Más peces loro cototo verde, tiburones, rayas y tres pecios

El relato comenzó en Desde Utrecht a Kuala Lumpur

Otro día de buceo y relajo en las islas Perhentian que comenzó levantándome algo después de las seis y dándome un homenaje de desayuno antes de la primera salida a bucear, que era a las ocho. Como a estas alturas soy uno de los grandes expertos del universo conocido en lo relativo a zonas de buceo en las Perhentian, se lo tienen que currar para llevarme a sitios nuevos y para el primero eligieron la Playa Romántica, en la que ya habíamos estado, pero el arrecife exterior. Al bajar, la visibilidad era increíble y la luz del sol iluminaba los corales creando un jardín submarino de fábula y ademas estábamos sólo Kib y el Elegido, con lo que mejor que mejor. La inmersión iba como la seda, todo era más de lo mismo cuando nos cruzamos, pero de lejos, con cuatro peces loro cototo verde, otra vez. Después de eso se desmelenó el tema y lo siguiente que vimos fue un tiburón que tiene una marca negra en su aleta superior, esa de las películas de miedo. Dio un par de vueltas por nuestra zona con lo que lo pudimos ver y disfrutar muy bien, debía tener un metro de largo. Es el mismo tipo que vi el día anterior, aunque no lo he contado, desde el embarcadero, ya que las anotaciones las escribo antes de cenar y como la señal telefónica desaparece por las tardes, voy al embarcadero con el teléfono y el iPad, creo una red para ambos y uso mi tarjeta prepago para mandar los correos y anotaciones, así que nunca jamás dije que mientras hacía la operación ayer, sobre las siete de la tarde hora local, vi un tiburón pasando junto a la orilla, en la misma zona en la que el día anterior había una francesa con gafas y tubo, aunque supongo que al tiburón no le gustará la carne francesa que todos sabemos que es muy mala, aunque más sabrosa que la truscolana. Recuperándonos de la emoción del tiburón vimos una raya enorme escondida debajo de una roca gigantesca que estaba basculando en su posición. La raya debía tener más de un metro de diámetro sin contar la cola. Al final resultó una inmersión de rescándalo.

Volvimos a tierra y para la segunda y la tercera del día las iban a combinar en un solo viaje y venían una china, pero no la china Kudeiro sino otra y un inglés con uno de esos acentos que no se le entiende nada.
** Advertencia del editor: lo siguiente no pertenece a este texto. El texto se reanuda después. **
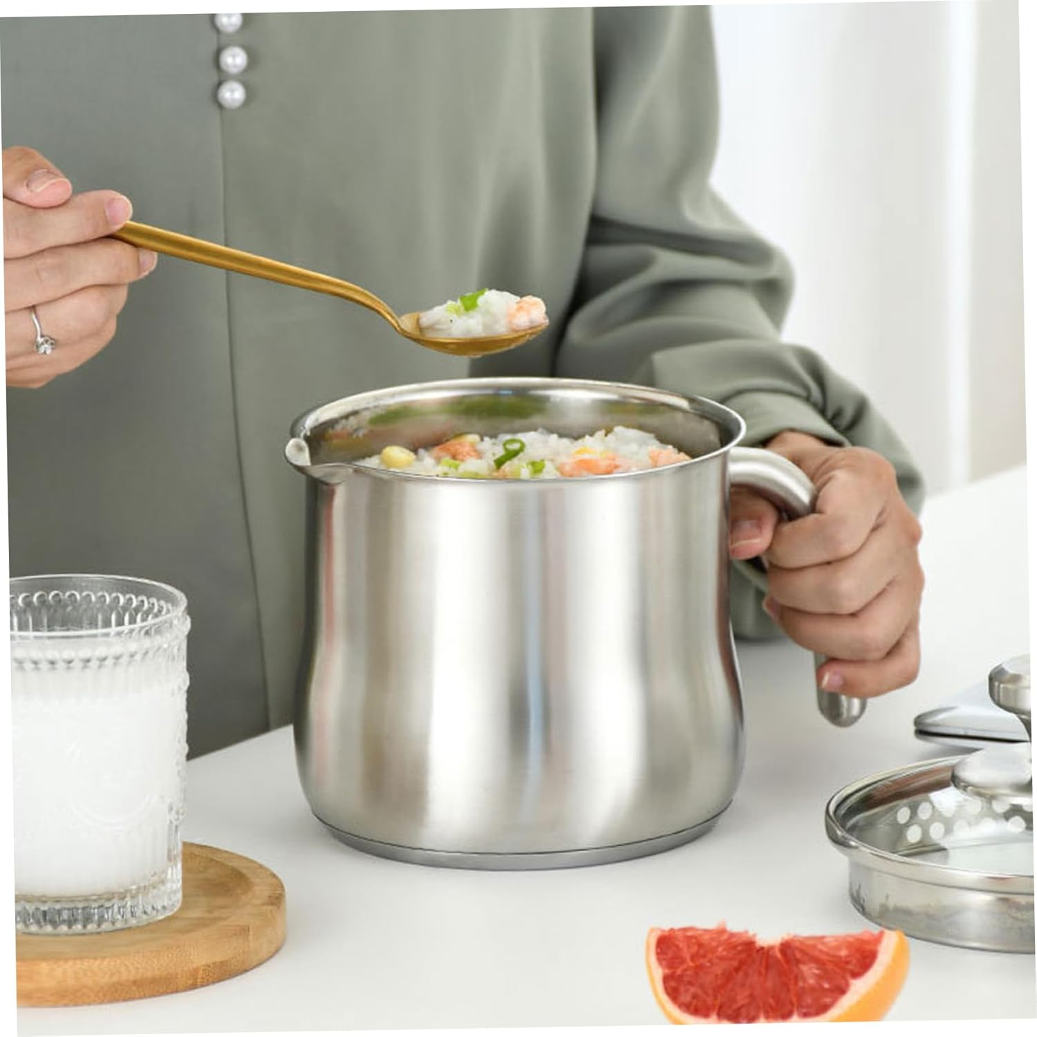 Description: This Stainless Steel Saucepan 2L Milk Pot is an essential addition to any kitchen, designed for versatility and performance. Made from premium stainless steel, it makes excellent heat distribution and durability for boiling milk, cooking sauces, gravies, pasta, and noodles with consistent results. The innovative pour spout ensures seamless, mess-free pouring, making it ideal for precise cooking tasks. Featuring a tempered glass lid, it retains heat and efficiently, while allowing you to keep an eye on your food without loss of temperature. Its ergonomic handle provides a secure, heat-resistant grip for safe handling, enhancing user comfort and kitchen safety. This milk pot's compact 2L capacity is perfectly suited for small to medium meal preparations, providing convenience and functionality for everyday use. Whether you are preparing a quick sauce or warming milk, this saucepan meets the demands of busy home cooks and enhances culinary experience through its thoughtful design, durability, and ease of maintenance. Features:. -Color: Silver. -Material: Stainless steel. -Size: 16x20 cm/6.30x7.87 inch. -Capacity: 2000ml. Note:Manual measurement, please allow slight errors on size.The colors may exist slight difference due to different screens. Package Including 1 * Milk Pot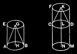 Therefore also, as the axis GH is to the axis KL, so is the cone ABG to the cone CDK and the cylinder EB to the cylinder FD. Q. E. D.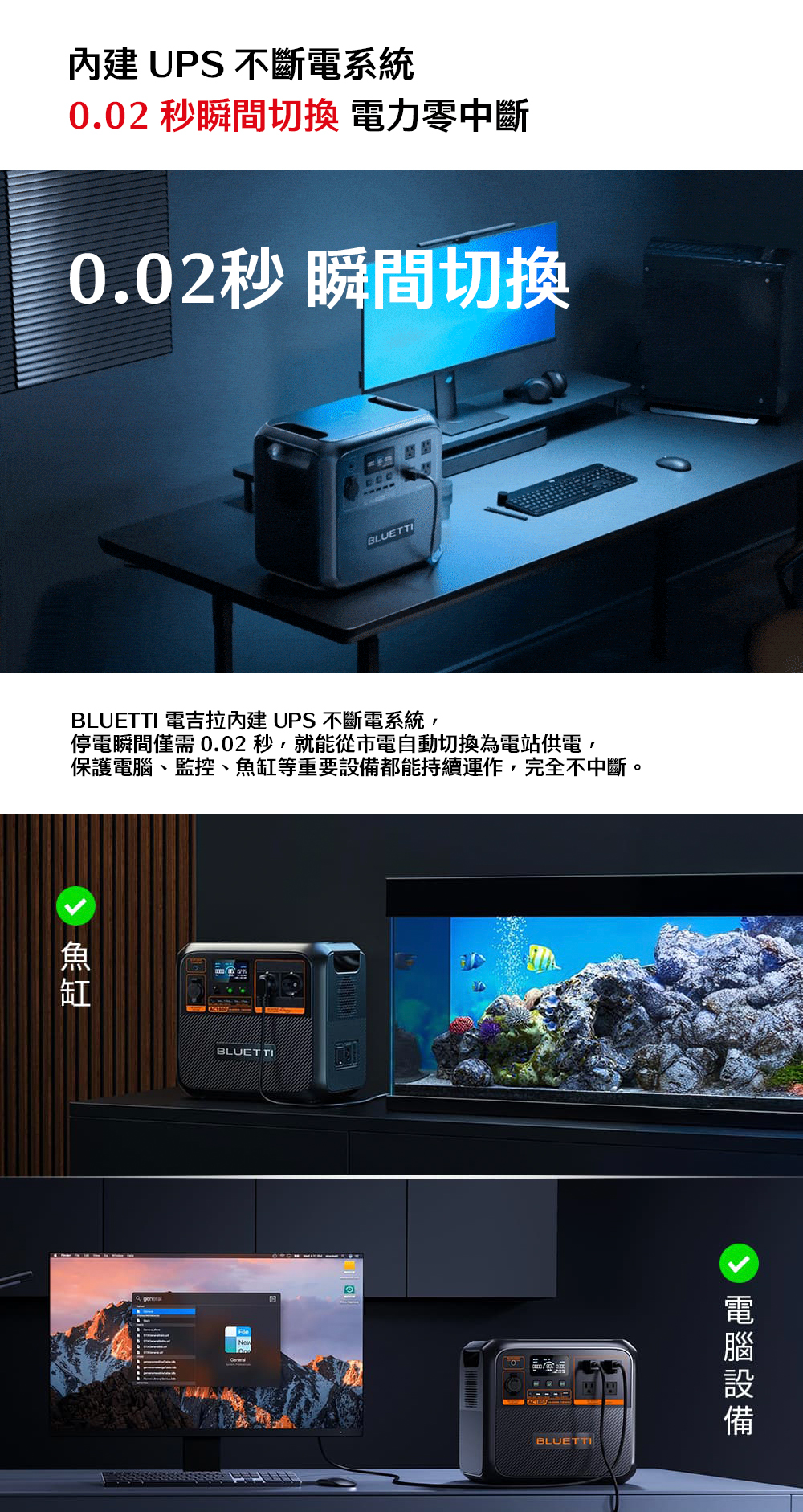 內建UPS不斷電系統,0.02秒瞬間切換。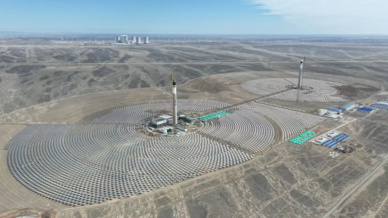 三峽恒基能脈瓜州項(xiàng)目是國家“沙戈荒”新能源大基地標(biāo)桿工程,其創(chuàng)新的雙塔設(shè)計(jì)通過東西兩座約200米高的吸熱塔與4400畝鏡場協(xié)同運(yùn)行,在同等鏡場面積下可提升約24%的聚光效率,進(jìn)而提高發(fā)電能力。哈電鍋爐為此項(xiàng)目量身研制的吸熱器設(shè)備,采用自主研發(fā)的熔鹽介質(zhì)高效吸熱技術(shù),攻克了吸熱涂料的附著、模塊化結(jié)構(gòu)設(shè)計(jì)及組裝三大核心難題。其中,管材選用及相應(yīng)的結(jié)構(gòu)設(shè)計(jì)確保設(shè)備在極端工況下的長期穩(wěn)定性;模塊化設(shè)計(jì)則通過標(biāo)準(zhǔn)化組件拼裝,實(shí)現(xiàn)雙塔吸熱系統(tǒng)與儲(chǔ)能裝置的高效聯(lián)動(dòng),為全球光熱電站建設(shè)提供可復(fù)制的“中國方案”。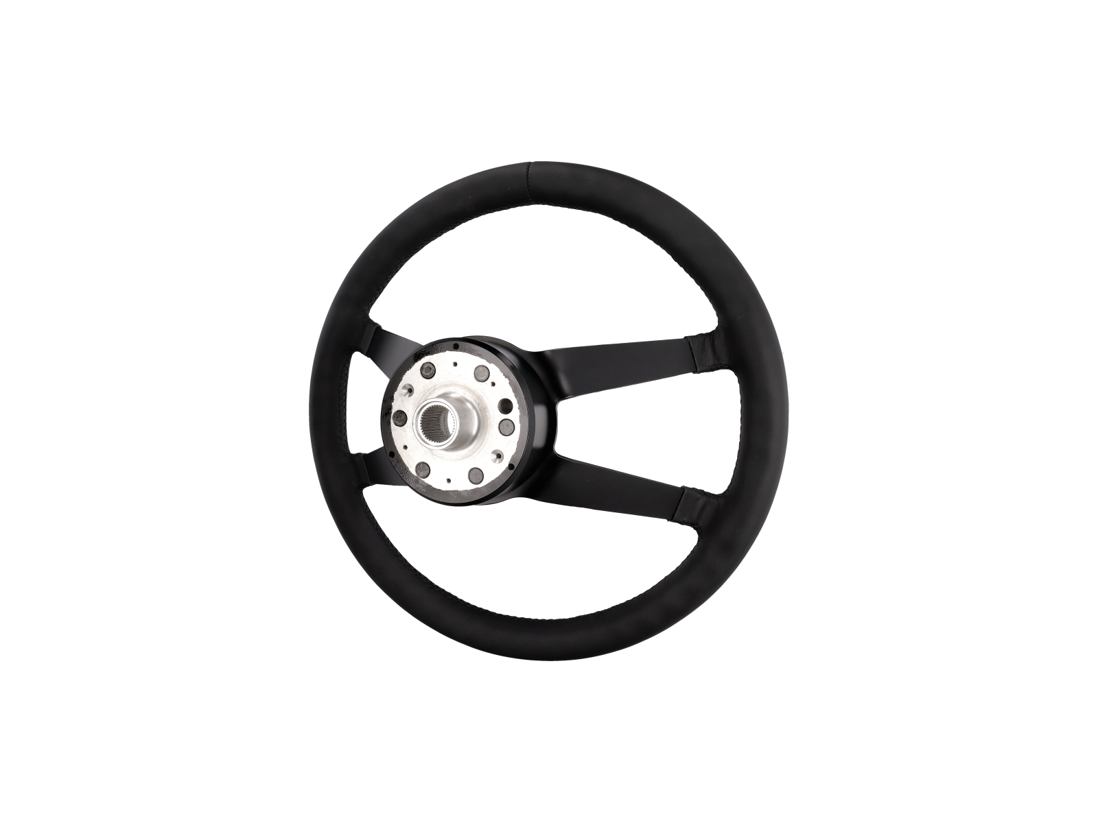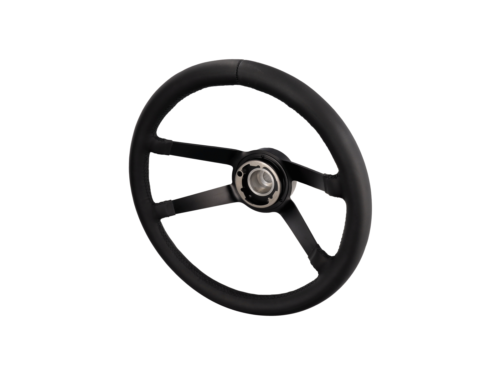 Este volante forrado en cuero es un repuesto de primera calidad diseñado para el Porsche 911 clásico (1969-73) y modelos 914 compatibles. Cuenta con un aro de 380 mm de diámetro, un revestimiento de cuero premium con costuras finas y un estriado de buje diseñado para adaptarse al buje original de la columna de dirección Porsche.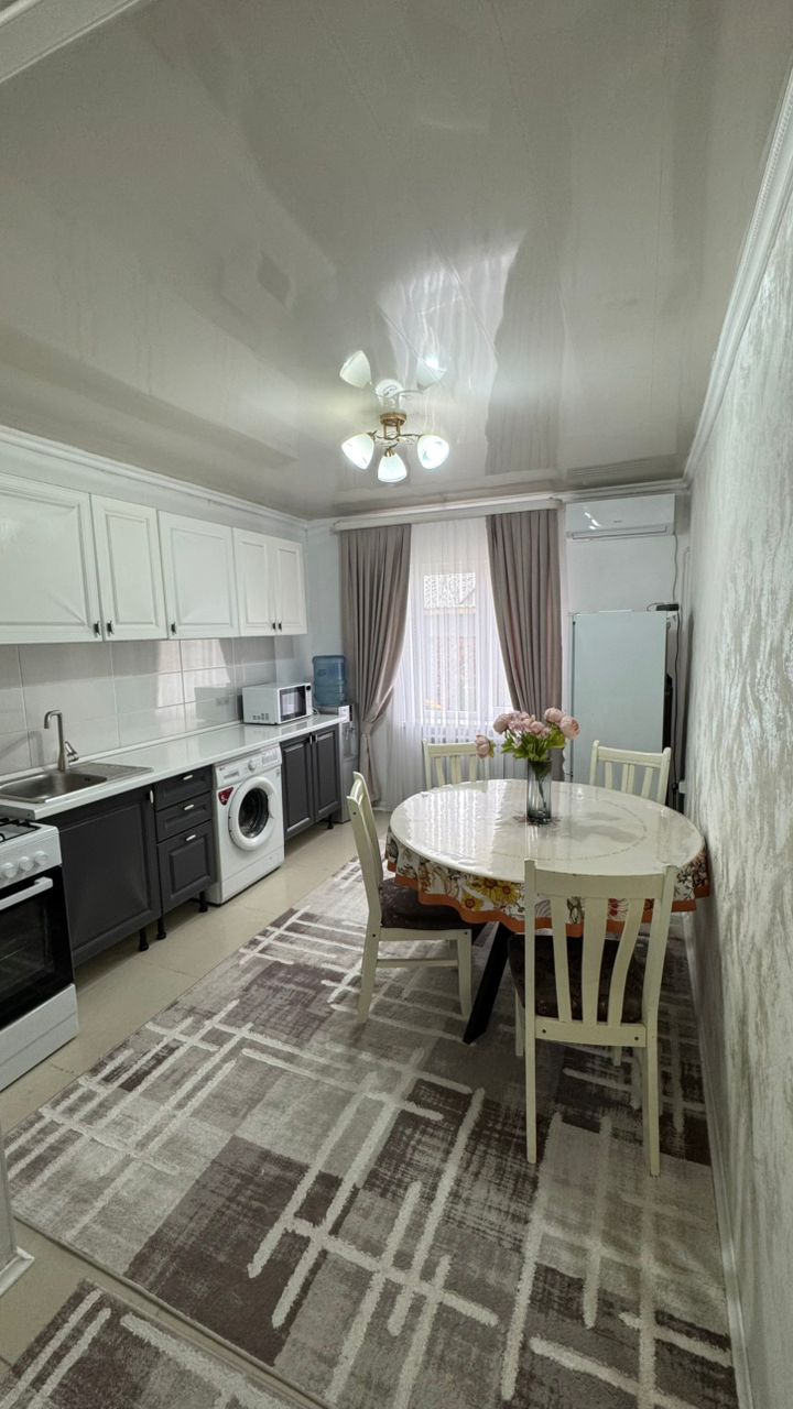 4 комнаты: 2 спальни с новой мебелью, кабинет со всей техникой (ПК, МФУ, кресло), уютная гостиная, современная кухня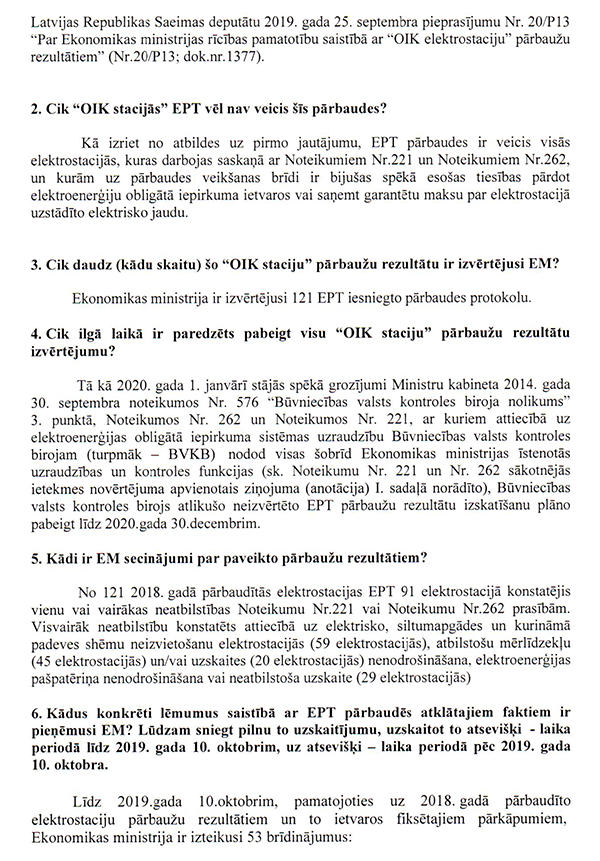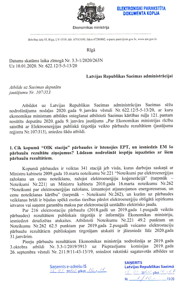 Tātad par deputātu Zariņa, Klementjeva, Kucina, Nikonova, Orlova un Kabanova steidzamo jautājumu ekonomikas ministram "Par Ekonomikas ministrijas rīcību saistībā ar elektroenerģijas tirgus likumā paredzēto "OIK staciju" līmeņatzīmju noteikšanu". Saņemtā rakstveida atbilde iesniedzējus neapmierina, ministrs informē, ka nevar ierasties uz mutvārdu atbildes sniegšanu, jo atrodas komandējumā ārvalstīs.
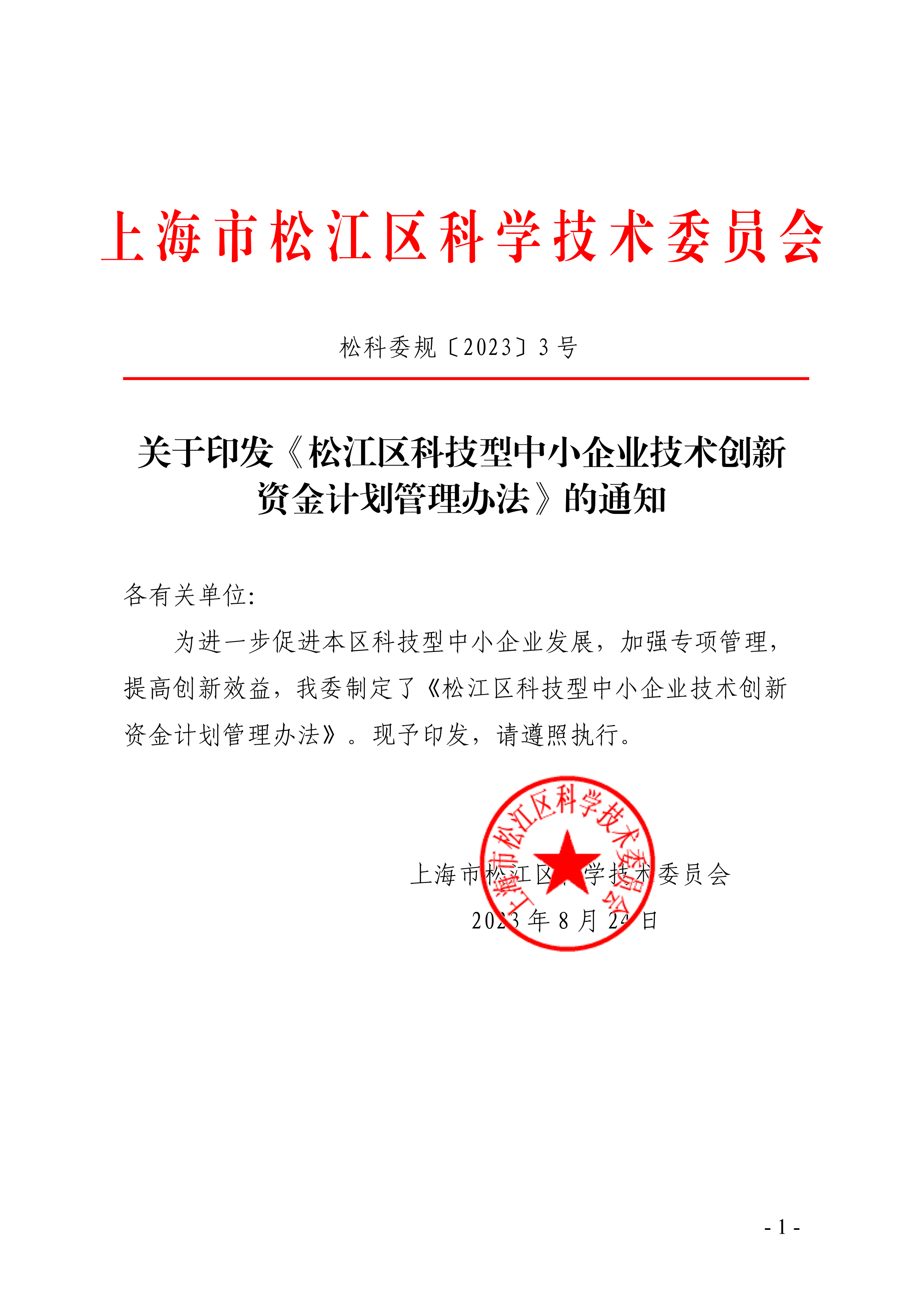 關(guān)于印發(fā)《松江區(qū)科技型中小企業(yè)技術(shù)創(chuàng)新資金計(jì)劃管理辦法》的通知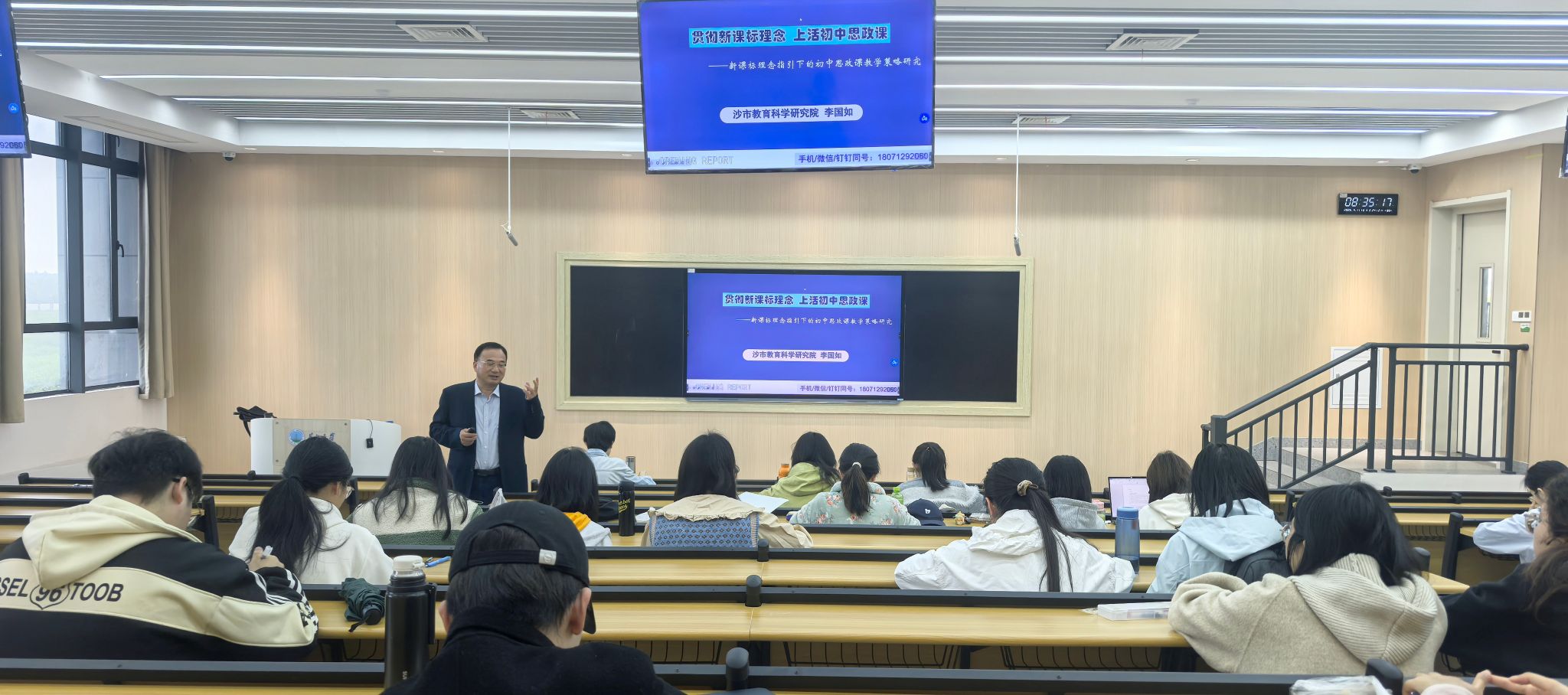 交流会上,李国如老师打破单向讲述的传统模式,以互动交流的形式开场,引导同学们结合自身学习与实践经历,分享对中学思政课教学的思考,充分调动了现场氛围,让大家在思维碰撞中快速进入交流状态。随后,李老师结合新课标要求与近年教材相关信息,系统梳理了中学思政课的教学背景与发展趋势,帮助同学们把握当前思政教育的改革方向与核心要求。

Fuimos a la zona que está entre las dos islas, la pequeña y la grande. La China se vistió como para ir de fiesta, se puso capas y capas de ropa para un agua que está a treinta y un grados, casi al punto ese súper-agradable del meado en la playa cerca de la orilla que tanto nos gusta a todos. La primera de esas dos inmersiones, la segunda en mi caso, era en Batu Layar. Bajamos con una boya y la profundidad máxima fue de menos de diecisiete metros. Por allí vimos cinco chocos en formación en línea, súper-chulos, los habituales bancos de barracudas, en este caso pequeñitos y después vimos un tiburón bambú durmiendo bajo una roca. En un punto determinado, estamos haciendo la gira cuando noto algo por detrás de mi, le grito al maestro de buceo y hasta él flipó con otra manada de peces loro cototo verde enorme, como de unos quince, comiendo junto a nosotros, muchísimo más cerca que la del día anterior. Fue increíble. Después de eso vimos muchos peces de este o aquel tipo pero vamos, que a nadie le importan, que está claro que el tamaño cuenta mucho. Subimos usando la misma boya que al bajar y por el camino nos encontramos con otro grupo que descendía.

La parada de recuperación la hicimos en una playa cercana y después nos acercamos al Pecio de la policía, que en realidad son tres patrulleras hundidas en el lugar para que se convierten en el hogar de muchos peces y otra fauna marina. Las hundieron hace siete año, con lo que fue después de que yo pasé por aquí y los barcos aún están en muy buen estado. Bajamos usando una boya y fuimos directamente al pecio más alejado de la misma, aunque por el camino vimos varios peces escorpión y alguna raya. En el pecio más lejano entramos en el puente de mando, descendimos a un cuartucho que tenía por debajo y salimos por la parte delantera, todo muy chulo y aventurero. La China respiraba como si se fuera a acabar el universo conocido Después, en nuestra ruta de regreso, vimos más peces escorpión, camuflados en los pecios con lo que antes de agarrarte a uno de ellos lo mejor es asegurarte que no es un pez escorpión camuflado porque su picada es de esas que recuerdas. También vimos un pez cocodrilo todo cubierto de arena, y bancos gigantescos de bebés de barracudas que entraban y salían de los pecios. En el segundo hicimos la misma entrada y salida para verlo por dentro y de nuevo fue divertido y por el tercero no entramos porque la cubierta del barco está dañada pero igual lo vimos de pé a pá, antes de subir porque se nos acababa el tiempo que podíamos estar a esa profundidad según nuestros computadores de buceo.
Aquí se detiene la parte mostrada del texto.